Павленко, радостно засмеявшись, обнял за плечи Фитюлина и повалился вместе с ним на траву.
Юра Шустряков выбрал себе место рядом с Колобовым. Время от времени, как из-за бруствера, он поглядывал через плечо Николая в ту сторону, где был Красовский. Убедившись в каких-то своих предположениях, Юра вздохнул и тихо, чтобы не слышали другие сказал:
— Олег кодлу вокруг себя собирает, из воров.
— А ты что вздыхаешь? Обидно, что тебя не зовет, да? — спросил лежавший рядом Пищурин.
— Я не для вас говорю, — вскинулся Юра. — На черта мне сдался этот горлопан. Товарищ старшина, можно я теперь при вас буду?
— Как это — при мне? — удивился Николай.
— Я при вас ординарцем буду, товарищ старшина. Все исполню, что скажете. Только пусть Олег теперь мной не командует, ладно?
— Ординарец мне по уставу не положен, Юра. А будет тобой Красовский командовать или нет — зависит только от тебя самого.
Он опять откинулся на спину.
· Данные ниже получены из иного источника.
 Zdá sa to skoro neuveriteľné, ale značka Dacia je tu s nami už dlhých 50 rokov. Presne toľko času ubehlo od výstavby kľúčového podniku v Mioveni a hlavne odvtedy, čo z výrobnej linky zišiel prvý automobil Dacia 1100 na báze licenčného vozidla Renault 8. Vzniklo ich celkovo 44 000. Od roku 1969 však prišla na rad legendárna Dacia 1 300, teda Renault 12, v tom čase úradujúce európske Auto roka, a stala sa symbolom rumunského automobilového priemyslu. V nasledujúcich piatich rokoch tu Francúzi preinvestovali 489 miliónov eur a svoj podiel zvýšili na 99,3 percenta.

Шустряков продолжал что-то шептать ему в самое ухо, но Николай не слышал его. Тоска снова сдавила грудь. Мог ли он представить себе, когда давил под Москвой гусеницами своего танка немецкие пушки, что доведется служить вот в таком расхристанном «войске». Разве можно сплотить этих людей в полноценную и монолитную боевую единицу, сильную своей волей и дисциплиной?
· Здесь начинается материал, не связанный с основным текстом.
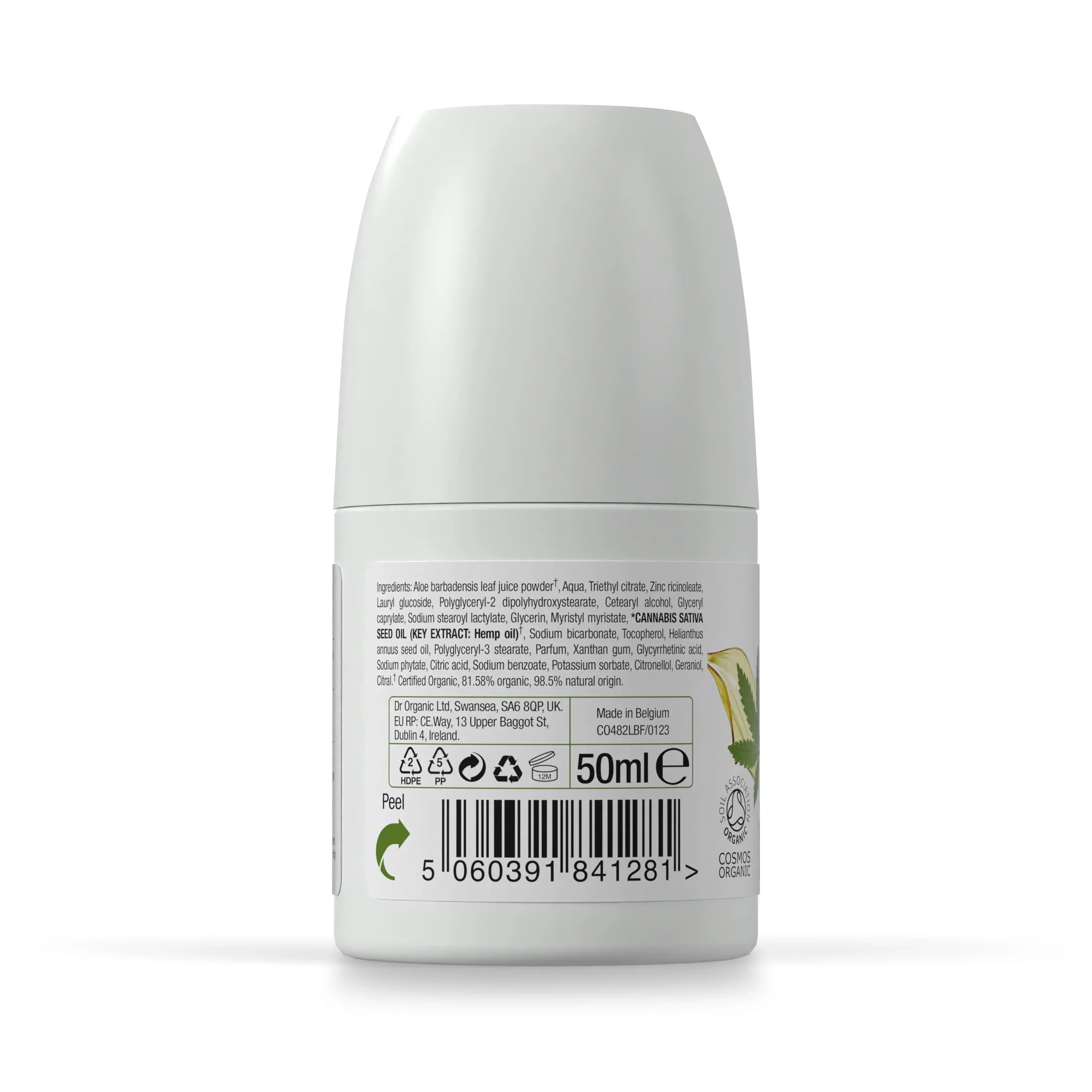 Aloe barbadensis leaf juice, Aqua, Zinc ricinoleate, Triethyl citrate, Lauryl glucoside, Polyglyceryl-2-dipolyhydroxystearate, Glycerin, Cetearyl alcohol, Polyglyceryl-3 stearate, Sodium stearoyl lactylate, Cetraria islandica (Icelandic moss) extract, Cannabis sativa (Hemp) seed oil, Glyceryl caprylate, Isocetyl palmitate, Equisetum arvense (Horsetail) extract, Humulus lupulus (Hop) extract, Hibiscus sabdariffa flower extract, Dipterocarpus turbinatus (Gurjum balsam) oil, Cymbopogon martinii (Palmarosa) oil, Eucalyptus globulus leaf oil, Rosmarinus officinalis (Rosemary) leaf oil, Cinnamomum camphora (Camphor) bark oil, Mentha piperita (Peppermint) oil, Pogostemon cablin (Patchouli) oil, Pelargonium graveolens (Geranium) oil, Vetiveria zizanoides (Vetiver) root oil, Citrus limon (Lemon) peel extract, Cupressus sempervirens (Cypress) seed extract, Litsea cubeba (May chang) oil, Lavandula hybrida (Lavender) oil, Glycyrrhetinic acid, Sodium bicarbonate, Tocopherol, Helianthus annuus (Sunflower) seed oil, Chondrus crispus (Carrageenan) extract, Xanthan gum, Sodium phytate, Phenoxyethanol, Sodium benzoate, Potassium sorbate, Citric acid, Citral, Citronellol, Limonene, Farnesol, Geraniol, Linalool.

Сам он, несмотря на свои злоключения, всегда готов был действовать безотказно. Но много ли среди собравшихся здесь таких, как он? Есть, наверное, еще. Взять хотя бы Пищурина, Застежкина, Павленко. Чем они хуже его? И таких, наверное, большинство. Так чего же он строит из себя несчастного страдальца и сторонится окружающих его людей? Того же Шустрякова: вор, конечно, но он ведь еще мальчишка и матери родной никогда не видел…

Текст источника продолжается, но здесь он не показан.